Usage and access to the platform

Authenticated access via the PP interactive (https://www.ebi.ac.uk/ena/pathogens/) and the associated API (https://www.ebi.ac.uk/ena/portal/api/) enables the user to search pre-publication data in a desired Data Hub. To do this, the user needs to authenticate using a username and password combination. The PP/API can also be used to access data in the public domain without user authentication. The search functionalities here are the same to when a user authenticates, but results are limited to microbial data in the public domain. Figure 3 shows the use of the PP interactive interface going through steps of building a query to look in the public domain for read data of Ebola virus collected in Zaire in 1976,and customising the result page to return ‘centre name’, ‘study accession, ‘sample accession’, ‘run accession’ and ‘fastq_ftp’ (the FTP file path to the processed fastq files). The results can be downloaded in TSV and JSON formats.

The curl command for the same query used in the PP:curl -X POST -H ‘‘Content-Type: application/x-www-form-urlencoded’’ -d ‘‘dataPortal=pathogen&result= read_run&query=tax_tree(1570291) AND country=‘‘Zaire’’ AND collection_date=1976-01-01&fields=center_name, study_accession, sample_accession, run_accession, fastq_ftp & format=tsv’’ ‘‘https://www.ebi.ac.uk/ena/portal/api/ search’’
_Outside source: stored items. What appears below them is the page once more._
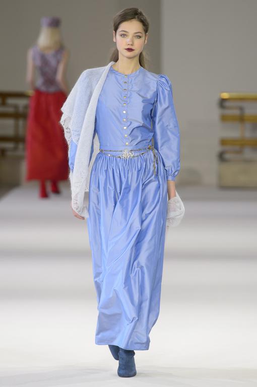 On se sert la taille. Une collection ou look des économistes de Wall Street a fini par se confondre avec les corps : les restrictions les travaillent, les serrent. Résultat les vêtements sont encore plus rigides et droits qu’un plan Quinquennales. Des costumes, des chemises de worker : un thème exploré par Alexander McQueen dès la crise de 2007. Dans cette crise il existe encore des robes opulentes -de celles portées par Mme Wall Street aux galas d’entreprises. Dans ce système, Sarah Burton montre que les femmes peuvent jouer tous les rôles. Les femmes s’écrivent et passent des lieux ou l’économie se décide aux lieux ou la richesse s’exhibe sous les projecteurs de la bonne conscience. La robe de gala de charité : toute une économie de l’opulence ?
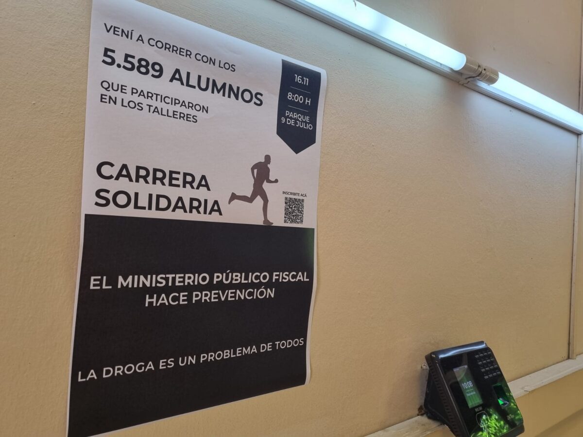 Bajo el lema “La droga es un problema de todos”, el Ministerio Público Fiscal invita a la comunidad a participar de una carrera solidaria a llevarse a cabo mañana sábado, 16 de noviembre, desde las 08:00 horas, en el ex autódromo del parque 9 de Julio. Será el cierre de la tarea desplegada por el MPF durante 2024 para concientizar a los estudiantes del nivel secundario sobre el flagelo del consumo problemático.
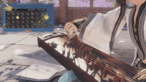 演出内容并不难,只要奏响界面中的古筝琴弦即可。不用懂什么宫商角徵羽,各位只要按下界面中的按钮,即可发出对应的琴音,还可自由选择升调、降调等操作。熟悉了之后,大家久能能流利地弹出《浣溪沙》《雨霖铃》等经典曲目了。
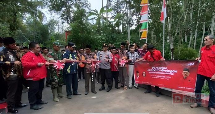 Kabupaten Temanggung – Ketua DPRD Temanggung, Yunianto meresmikan langsung hasil pembangunan Jembatan Grujugan di Desa Margolelo, Kecamatan Kandangan. Jembatan Grujugan sendiri merupakan infrastruktur yang dibangun untuk meningkatkan konektivitas antara Desa Margolelo dan Desa Blimbing, Minggu (9/4/2023).
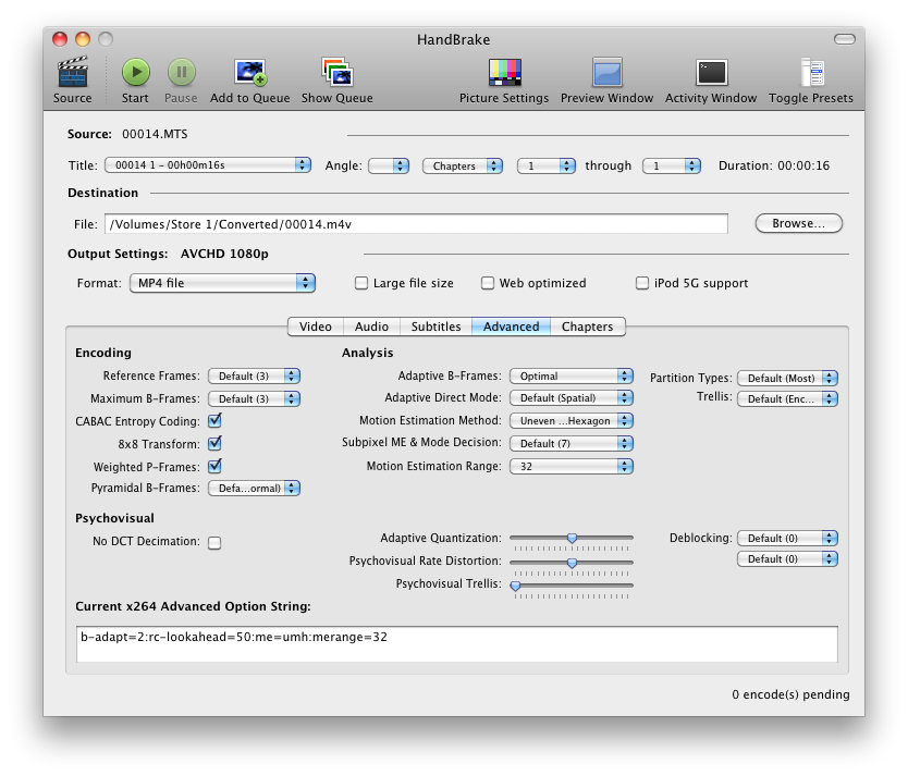 That is all. All editing was done on my mid-2009 iMac with a 3.06 GHz Core2Duo and 4GB RAM. The workflow is really quite simple. Succinctly put, I convert the MTS files to M4V using Handbrake and my custom settings (below). I then import these M4V files into iMovie allowing it to convert the files to MOV and generating thumbnails. Once I edit the movie, I export the same from iMovie using my presets. Couldn’t be simpler. You can click on the images below to view them full-size.
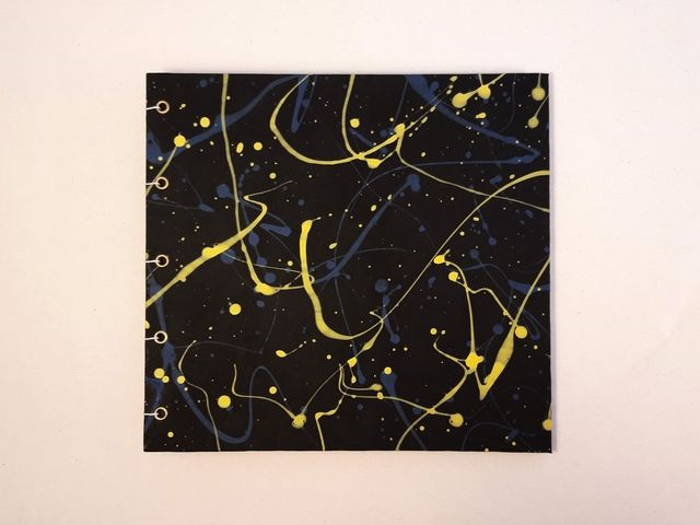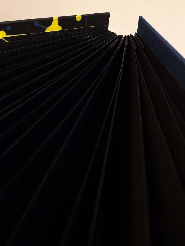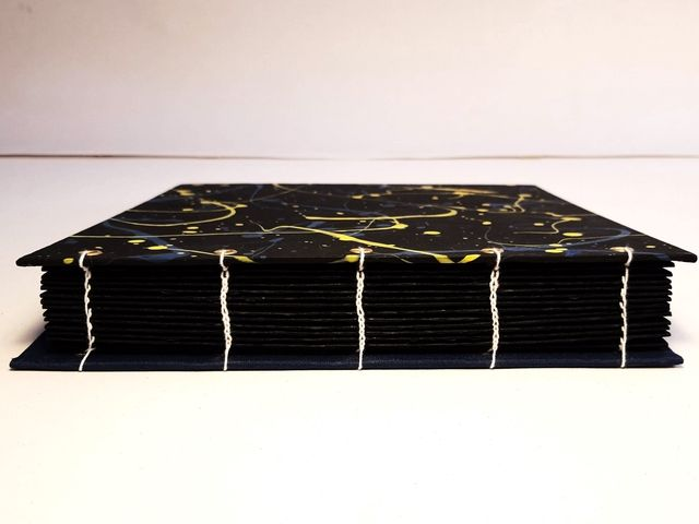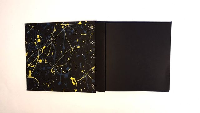Album foto nero con cucitura copta e schizzi gialli e blu
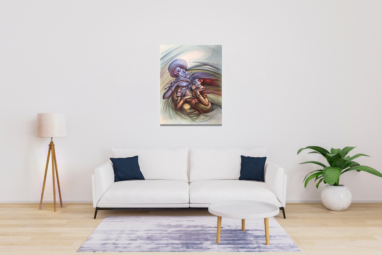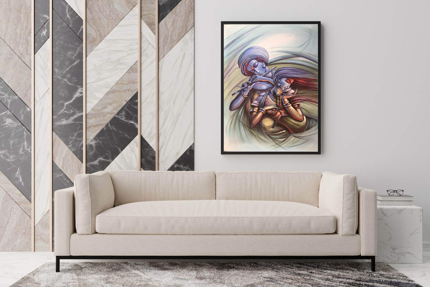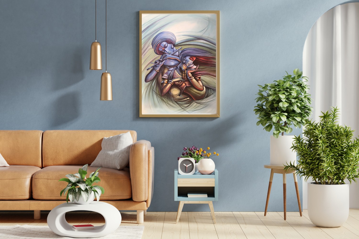 This painting beautifully portrays the timeless bond of love, music, and divinity that transcends the material world, making it a soulful centerpiece for any home, meditation space, or art collection.
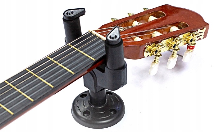 - Универсальная настенная вешалка подходит для большинства акустических, классических и электрогитар, бас-гитар и других струнных инструментов, таких как гавайская гитара или банджо.
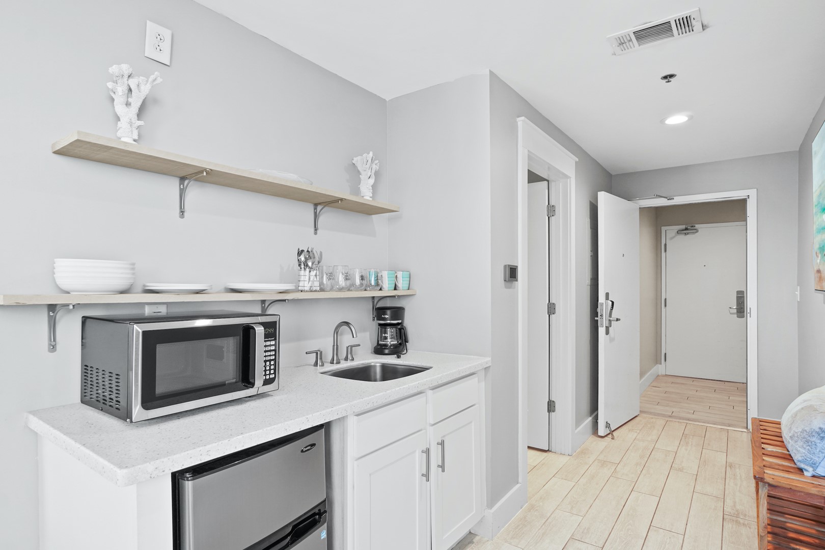 - Kitchenette - Coffee Maker, Sink, Small Fridge

In order to explore a data set that has been included in a Data Hub and run through one of the integrated analysis pipelines (SELECTA workflows), the user can go to the ‘Explore’ tab in the PP and visualize the analysis results via a connected Notebook. To demonstrate how this works, we selected three Salmonella enterica data sets that are available in the public domain. We configured a Data Hub, called dcc_benoit, to include this data and run it through the CGE bacterial analysis pipeline (BAP). The output of the analysis was used to create a public Notebook, the visualisation process has been rendered and can be accessed via the PP: https://www.ebi.ac.uk/ena/pathogens/explore

There are three tabs available here, ‘Data Hub content’ shows a summary tables for the data content of the Data Hub, ‘Primary Analysis’ shows in this case the visualisation of the CGE analysis pipeline output and finally there is an ‘AMR’ (antimicrobial resistance) tab here because antimicrobial resistance profiles (antibiograms) exist for 19 of the sequenced samples. For a demonstration video to see how to change views or filter data, please go to https://www.ebi.ac.uk/ena/pathogens/explore and select the ‘View Demo’ button.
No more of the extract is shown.